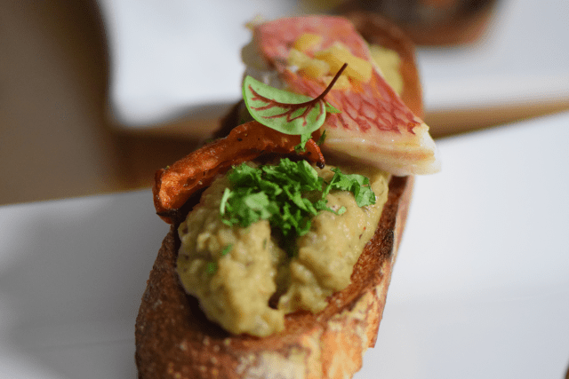 Brust vom Perlhuhn von Kräuterbutter umhüllt, mit Perlhuhnschenkel in Chicorée-Tourte.
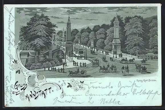 Mondschein-Lithographie Cannstatt, Strassenbahn und reger Verkehr an der König Karl-Brücke
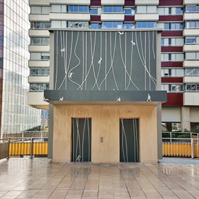 Dans le quartier Reflets, un édicule a été transformé en œuvre d’art ! Cette sortie piétonne du parking des Reflets a été habillée par Vincent Broquaire en octobre 2025. En passant devant, vous pourrez apercevoir de petits personnages, évoquant des agents d’entretien, mis en scène comme s’ils évoluaient tout autour de l’édicule. Ici, l’artiste joue avec la perception des passants grâce à des effets de mouvements.
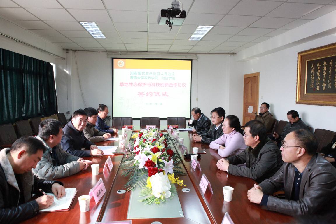11月24日上午,在探花av 611会议室隆重举行《河南蒙古族自治县人民政府(以下简称河南县)与探花av 、财经学院草原生态保护与科技创新合作协议书》签约仪式。双方本着自愿平等、优势互补、互惠互利、共同发展的原则,在以往良好合作的基础上,重点围绕河南县人民政府实施的绿色发展与生态建设战略行动,就产业开发、生态保护、人才培养、科学研究和教学基地建设等方面达成合作协议。
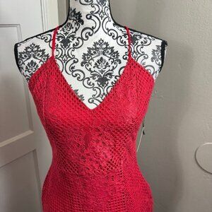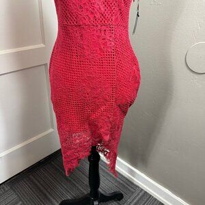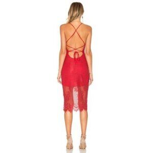 Lovers & Friends red lace SKYLIGHT DRESS with lace up back.
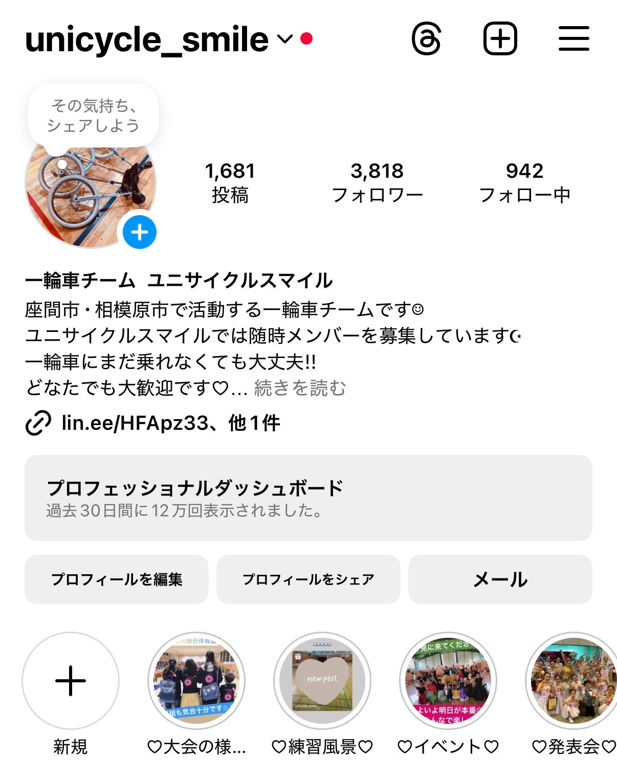 私たちはこれまでインスタグラムで練習風景や出場する大会などの発信や、地域のイベントへも積極的に参加するなど一輪車の楽しさや魅力を伝えるための活動してきました。
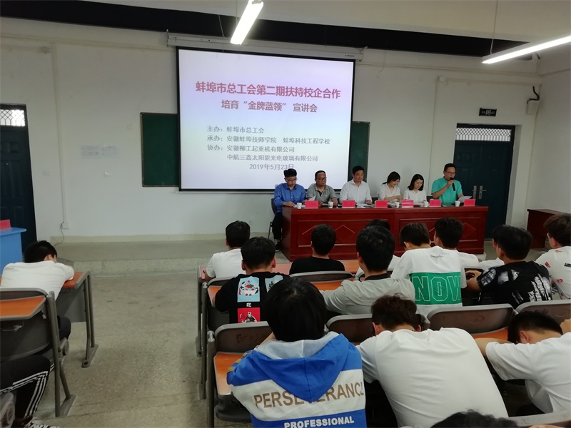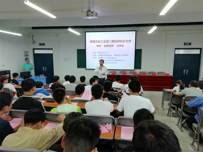 为切实推进蚌埠市总工会第二期扶持校企合作培育“金牌蓝领”计划的相关工作,2019年5月23日下午,在学校教学西楼107多媒体教室,安徽蚌埠技师学院 蚌埠科技工程学校组织召开了蚌埠市总工会第二期扶持校企合作培育“金牌蓝领”宣讲会。

Task to carry out: Return each record as written, minus its images.

Solution for this task:
 Brust vom Perlhuhn von Kräuterbutter umhüllt, mit Perlhuhnschenkel in Chicorée-Tourte.
 Mondschein-Lithographie Cannstatt, Strassenbahn und reger Verkehr an der König Karl-Brücke
 Dans le quartier Reflets, un édicule a été transformé en œuvre d’art ! Cette sortie piétonne du parking des Reflets a été habillée par Vincent Broquaire en octobre 2025. En passant devant, vous pourrez apercevoir de petits personnages, évoquant des agents d’entretien, mis en scène comme s’ils évoluaient tout autour de l’édicule. Ici, l’artiste joue avec la perception des passants grâce à des effets de mouvements.
11月24日上午,在探花av 611会议室隆重举行《河南蒙古族自治县人民政府(以下简称河南县)与探花av 、财经学院草原生态保护与科技创新合作协议书》签约仪式。双方本着自愿平等、优势互补、互惠互利、共同发展的原则,在以往良好合作的基础上,重点围绕河南县人民政府实施的绿色发展与生态建设战略行动,就产业开发、生态保护、人才培养、科学研究和教学基地建设等方面达成合作协议。
 Lovers & Friends red lace SKYLIGHT DRESS with lace up back.
 私たちはこれまでインスタグラムで練習風景や出場する大会などの発信や、地域のイベントへも積極的に参加するなど一輪車の楽しさや魅力を伝えるための活動してきました。
 为切实推进蚌埠市总工会第二期扶持校企合作培育“金牌蓝领”计划的相关工作,2019年5月23日下午,在学校教学西楼107多媒体教室,安徽蚌埠技师学院 蚌埠科技工程学校组织召开了蚌埠市总工会第二期扶持校企合作培育“金牌蓝领”宣讲会。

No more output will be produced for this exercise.